● **COLLECTED DATA**:
####################

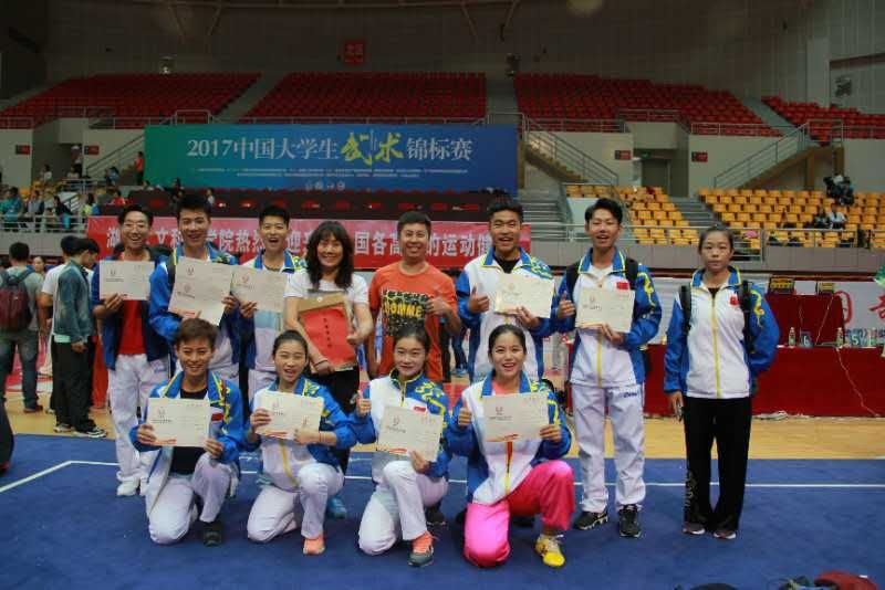 10月2-8日, 由中国大学生体育协会民族传统体育分会主办,湖南人文科技学院承办的2017年全国大学生武术套路锦标赛在湖南娄底市举行。我校代表队夺得金牌3枚,银牌1枚,铜牌7枚,5个第四名,4个第五名,2个第七名,1个第八名的历史最好成绩。教师宋红红被评为“优秀教练员”。
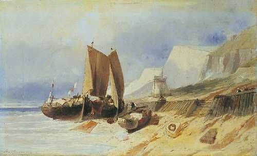KÜSTENLANDSCHAFT MIT FISCHERBOOTEN
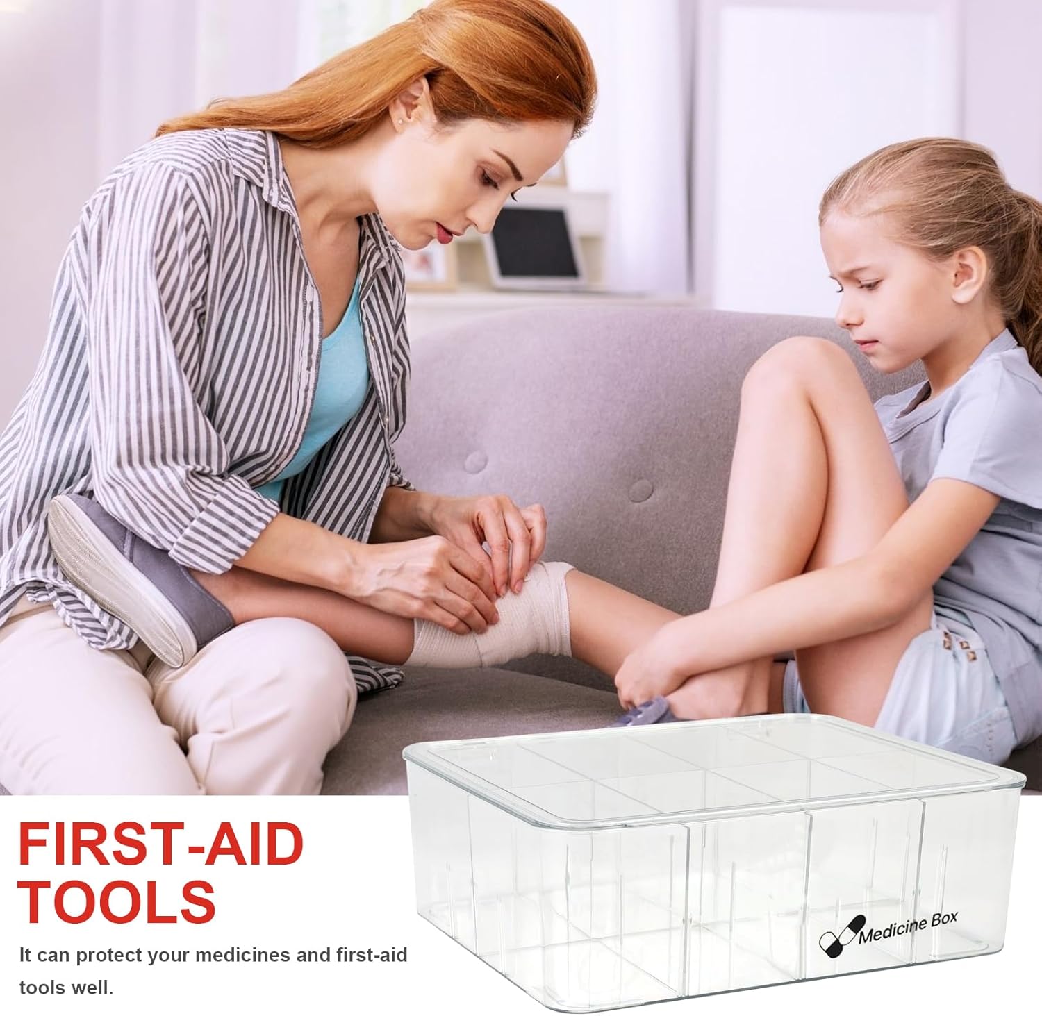 SEE-THROUGH,STRESS-FREE: No more rummaging around! Our pill box design allows for quick identification of contents, saving time and eliminating the guesswork in locating your essential items,Find smaller items like a band-aid, adhesive tapes, medicines, pills, and cotton balls at a glance.

####################

● **WORK REQUIRED**:
Copy the full listing above exactly, apart from the pictures.

● **ANSWER SPACE**:
 10月2-8日, 由中国大学生体育协会民族传统体育分会主办,湖南人文科技学院承办的2017年全国大学生武术套路锦标赛在湖南娄底市举行。我校代表队夺得金牌3枚,银牌1枚,铜牌7枚,5个第四名,4个第五名,2个第七名,1个第八名的历史最好成绩。教师宋红红被评为“优秀教练员”。
KÜSTENLANDSCHAFT MIT FISCHERBOOTEN
 SEE-THROUGH,STRESS-FREE: No more rummaging around! Our pill box design allows for quick identification of contents, saving time and eliminating the guesswork in locating your essential items,Find smaller items like a band-aid, adhesive tapes, medicines, pills, and cotton balls at a glance.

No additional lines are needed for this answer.